Judge Manglona’s rejection of the CNMI’s “assault weapon” ban is almost as striking as her vindication of the right to bear arms, because she scrutinizes the law’s logic instead of deferring to the supposed expertise and wisdom of legislators. The CNMI law prohibits half a dozen rifle features: 1) a pistol grip under the action of the weapon, 2) a forward pistol grip, 3) a thumbhole stock, 4) a folding or telescoping stock, 5) a flare launcher, and 6) a flash suppressor. Manglona concludes that a ban on these features cannot pass “intermediate scrutiny,” which demands that a law further an important government interest through means that reasonably fit that interest.

“The Commonwealth has not shown through any evidence that its means fit its end,” Manglona writes. “In fact, the evidence suggests that the banned attachments actually tend to make rifles easier to control and more accurate—making them safer to use. Because the Commonwealth’s ban does not match its legitimate and important interest, the ban fails intermediate scrutiny and will be struck down.”

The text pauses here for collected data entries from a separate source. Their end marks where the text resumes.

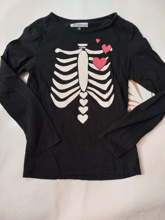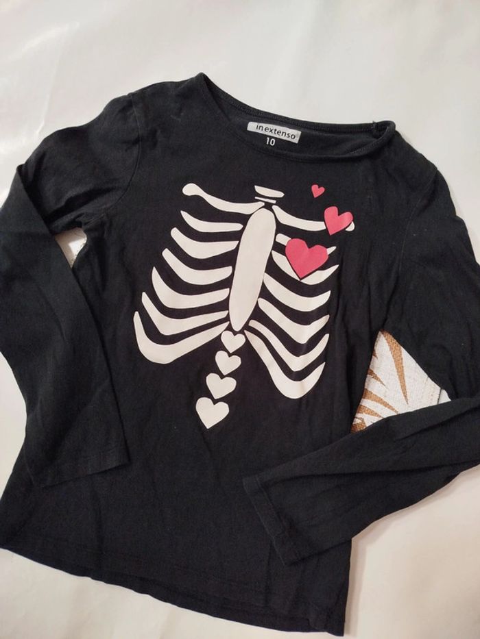 Tee shirt manches longues squelette 10 ans fille noir - photo numéro 1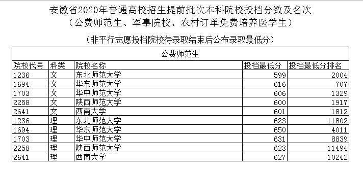 综合安徽省文理科投档分数线,华东师范大学最高,然后依次是华中师范大学、西南大学、陕西师范大学、东北师范大学。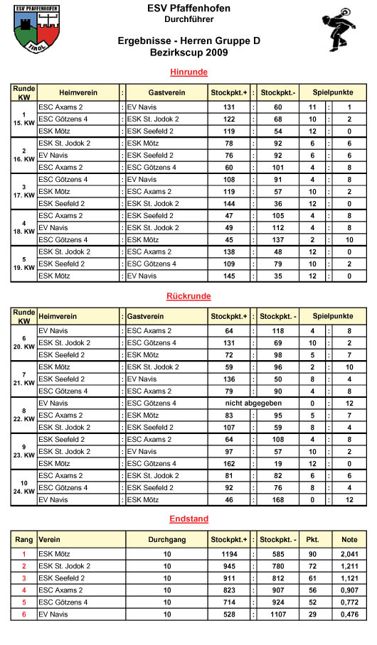 < Herren A > < Herren B > < Herren C > < Herren D > < Damen > < Zielbewerbe > < Abschlussturnier >

Manglona is likewise unpersuaded that the CNMI ban on long-gun calibers larger than .223, which appears to be the only caliber limit that strict in the country, is reasonably related to public safety. The official rationale is that larger bullets travel farther, creating a greater hazard for innocent bystanders. But other factors affect a rifle’s maximum range, Manglona notes, and “given the prevalence of dense jungle, hills, and buildings within the CNMI, most bullets fired from almost any gun would probably be stopped before reaching its effective range.”

The exorbitant CNMI tax on handguns, which raises the cost of the cheapest pistol by almost 700 percent, is also unusual. “The power to tax is not just the power to fund the government,” Manglona observes. “It is the power to destroy.” Because a $1,000 tax “comes close to destroying the Second Amendment right to acquire ‘the quintessential self-defense weapon,’” she writes, “the Court will strike it down.”

Manglona also deemed the burden imposed by the CNMI’s gun registration system, which requires a separate application for each weapon, unjustified by public safety concerns. By contrast, she upheld the commonwealth’s licensing requirement for gun buyers, mainly because it goes beyond federal law by “requiring background checks for all aspiring gun owners,” and not just those who purchase their firearms from federally licensed dealers. She also upheld the commonwealth’s ban on magazines that hold more than 10 rounds, saying it probably would not have much impact on self-defense and might reduce deaths in mass shootings. Manglona in any case had little choice but to uphold that restriction, since the 9th Circuit last year approved an “identical ban” imposed by Sunnyvale, California.

Manglona notes the perseverance of the plaintiff in this case, a former U.S. Army Ranger named Paul Murphy who represented himself through years of litigation. “Murphy’s battle for justice began more than nine years ago when he first applied for and was denied possession and use of his firearms,” she writes. “Plaintiff has valiantly pursued all lawful efforts to protect and defend his rights in a community where the voice of the majority can often overpower the equally important rights of the minority.”